Under the previous deal, video game voice actors represented by SAG-AFTRA are paid at least $100/hour, plus benefits.
"This is an important advance in this critical industry space. We secured a number of gains including for the first time, a secondary payment structure which was one of the members' key concerns," SAG-AFTRA president Gabrielle Carteris said in a statement. "The courage of our members and their fortitude these many months has been admirable and I salute them. We are always stronger together."
SAG-AFTRA's Keythe Farley said the the new structure provides voice actors with "significantly larger" bonus payments than under the terms of the previous agreement.
Keythe Farley, chair of the SAG-AFTRA Interactive Negotiating Committee, said the strike delivered key victories for member performers in the video game community.
Ray Rodriguez, the lead negotiator for this deal, said in a statement that another win is that it improves transparency, which in turn should help union members bargain. Under the terms of the new agreement, companies are required to disclose more details about a game a performing is recording lines for such as its genre, the codename, and whether or not it's based on a existing franchise. Members will also be told--prior to signing on to a project--if they will be required to use "unusual terminology, profanity or racial slurs, whether there will be content of a sexual or violent nature and whether stunts will be required."
SAG-AFTRA's new deal also includes language that says publishers agree to work with the union "on the issue of vocal stress."
Video game companies reportedly sought to fine performers for being late or distracted in a recording session. Another proposal put forth by publishers was apparently one that would have required agents to "submit performers for low-paying 'atmospheric voice' sessions or face fines, and a possible revocation of their union franchise." Another provision apparently put forth by video game companies would have allowed them to use internal staff to do voice acting work outside the purview of the SAG-AFTRA collective bargaining agreement.
The new SAG-AFTRA deal will be reviewed and potentially confirmed by the group at a board meeting in October. We'll report back with more details as they become available.

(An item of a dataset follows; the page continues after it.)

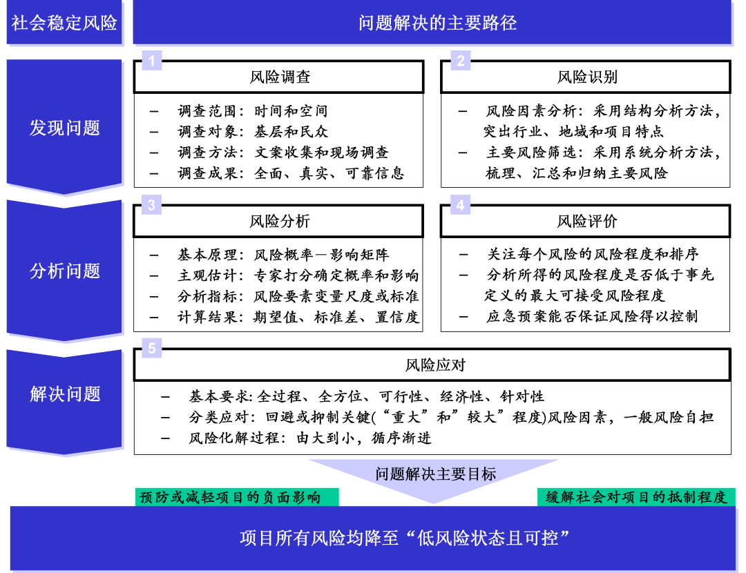 重大項目社會穩定風險評估方法研究 ——“以問題解決為導向”的項目穩評框架的提出 李開孟 徐成彬 彭振武 摘要:本文從社會穩定風險及其評估的基本概念出發,綜述了國內外有關社會穩定風險研究的理論方法和實踐探索,針對“以整體風險等級為導向”的穩評框架在評估方法上存在的缺陷和不足,提出以“發現問題—分析問題—解決問題”為主線的項目社會穩定風險評估新框架。“以問題解決為導向”的新框架思路是:通過全面深入調查,在分析各風險因素的基礎上確定影響社會穩定的主要風險,分析各風險的發生概率和影響程度,對標評判風險程度及可控程度,對不可接受的風險制定切實可行的應對措施,所有風險都處于“低風險且可控”狀態才可得出項目社會穩定風險可接受的評估結論。針對“以問題解決為導向”穩評方法應用,建議全面深入調查發現項目社會穩定風險問題,通過結構分解與系統集成進行風險識別,基于概率—影響矩陣的項目風險分析,對標評判風險水平及其可控程度,分類制定切實可行的風險應對措施。 關鍵詞:重大項目;社會穩定風險;評估方法;以問題解決為導向 一、風險社會與社會穩定風險的產生 經過四十多年的改革開放,我國經濟社會發展成就舉世矚目。在經濟發展水平顯著提升的同時,社會問題開始逐步凸顯,這是社會發展的歷史階段所決定的。縱觀西方工業化國家的發展歷程,都曾經歷過類似階段,而且在一些國家的表現更為嚴峻和激烈,如英國工業化過程中的圈地運動。許多西方學者認為,進入現代化的一定階段后,必然伴隨社會風險的增長,并進入風險社會的發展階段,社會風險是社會現代性的基本要素。 20世紀后半期,社會風險逐漸被社會學界所關注,西方許多著名社會學家如烏爾里希·貝克(Ulrich Beck)、安東尼·吉登斯(Anthony Giddens)、尼克拉斯·盧曼(Von Niklas Luhmann)等都對社會風險進行過深入研究,形成了有關風險的社會學理論。其基本假設是:人類正從一個現代化的社會進入一個新型的風險社會。現代化的科學技術發展和工業化推動,使人類進入一個它過去所陌生的世界;現代化邏輯本身所產生的新的社會風險,完全不同于傳統的社會問題、社會矛盾和社會沖突。過去的生活經驗、技術手段和組織制度,已不足以使人類防止、規避和應對新的社會風險的威脅。進入風險社會,是社會發展的現代化水平達到一定階段的產物。德國社會學家烏爾里希·貝克認為,現代性正從古典工業社會的輪廓中脫穎而出,正在形成一種嶄新的形式—工業化時代的“風險社會”。英國社會學家安東尼·吉登斯認為,風險概念標識了現代社會與前現代社會的根本差異。在自然和傳統消亡后生存的世界,其特點是從“外部風險”逐漸向“人造風險”轉移。 我國社會學者也認為,隨著社會的發展,過去對社會安全問題的認識有了新的變化,現代社會開始出現一種新型的社會穩定風險。關于傳統社會安全,從政法工作角度分析可以歸為六種:一是“三股勢力”,暴力恐怖、宗教極端、民族分裂勢力;二是社會黑暗勢力(即黑社會);三是危害社會治安的刑事慣犯;四是販毒集團;五是邪教骨干;六是各種敵對性質的非法社團問題。在傳統的社會安全領域,這六個方面一直是人們關注的焦點。但是,隨著群體性事件的逐步增多,人們逐漸開始意識到現代社會出現了一些新型的社會穩定風險,這些風險廣泛存在于工程建設、金融活動、新型傳染病、恐怖襲擊、網絡病毒、化學物種、生態環境等不同領域。這些新型的社會風險與傳統的社會安全問題相比具有擴散性、不確定性等特點,解決起來也比傳統風險更為復雜。 從社會穩定風險影響社會結構和社會運行的角度出發,可以對“社會穩定風險”作如下分析:①社會現代化進程的快速發展、社會的日益復雜化以及社會能量的空前積累,特別是信息化和全球化過程的不斷發展,給人類社會帶來了很多的不確定性,這種不確定性是前所未有和不斷擴散的。現代化進程的加快為人們提供了很多的機會,但也帶來各類社會穩定風險;②社會穩定風險來自各個方面,包括社會結構的畸形化和各個階層之間利益的沖突所帶來的矛盾、各階層之間貧富差距的不斷擴大、政治體制的不合理和不完備、社會經濟的畸形增長、技術的片面發展和人才的流失和斷層現象及缺少高層次的技術人員、文化的滑坡和文化傳統的不斷流失、環境生態的損害和污染等等;③社會運轉過程中存在的穩定風險一旦演化為突發性事件,在現代社會的基礎上這些突發性事件就會以前所未有的速度和空前的規模擴散到整個社會,甚至有可能會擴散至國際社會這一更大的舞臺之上;④在政治上,因為需要有一套新的思路和方法對現代風險進行管理和控制,使得社會穩定風險對現有的社會制度和社會組織構成很大挑戰,這就要求對政府體制進行重新整合和調整。 基于以上描述可知,社會穩定風險在廣義上是指一種導致社會沖突、危及社會穩定和社會秩序的可能性,是一類基礎性的、深層次的、結構性的潛在危害因素,會對社會的安全運行和健康發展構成嚴重的威脅。一旦這種可能性變成現實性,社會穩定風險就會轉變成公共危機;廣義的社會穩定風險是一個抽象的概念,涵蓋了生態環境領域、政治領域、經濟領域、社會領域和文化領域的各種風險因素。在狹

SAG-AFTRA's strike was against 11 video game companies, including juggernauts like Activision, Warner Bros., Electronic Arts, as well as Insomniac. According to the union, the gaming industry refused to offer residual payment bonuses and other profit-sharing opportunities. The union also claimed that the industry denied a provision that would reduce the recording time for "vocally stressful" sessions to two hours to help prevent an actor from damaging their voice. Under the terms of the new deal, all the union said was that the publishers agreed to work with the union on this issue.
According to Deadline, only about 25 percent of video games use union voice actors. This was the first strike in the history of video game performers.
The chief negotiator for the video game companies, Scott Witlin, said in a statement that his group "worked hard to reach this deal and end the strike." The statement also confirms that the new contract will be in place for three years, starting when it's ratified; that should happen in the coming weeks.
"The new contract provides a substantial pay increase for performers through both increases in session fees and additional compensation tied to a performer's contribution to the video game," reads a line from the video game companies' statement. "In addition, the Video Game Companies agreed to additional transparency in bookings and to continue to cooperate with SAG-AFTRA in the area of safety, including vocal stress."
Overwatch voice actor Crispin Freeman, who voices Winston, spoke to GameSpot about the strike and why voice actors matter. "We negotiated with them for 19 months in good faith," Freeman said. "It's the longest negotiation SAG-AFTRA has ever done. It was the last thing we wanted to do, but they left us with no choice."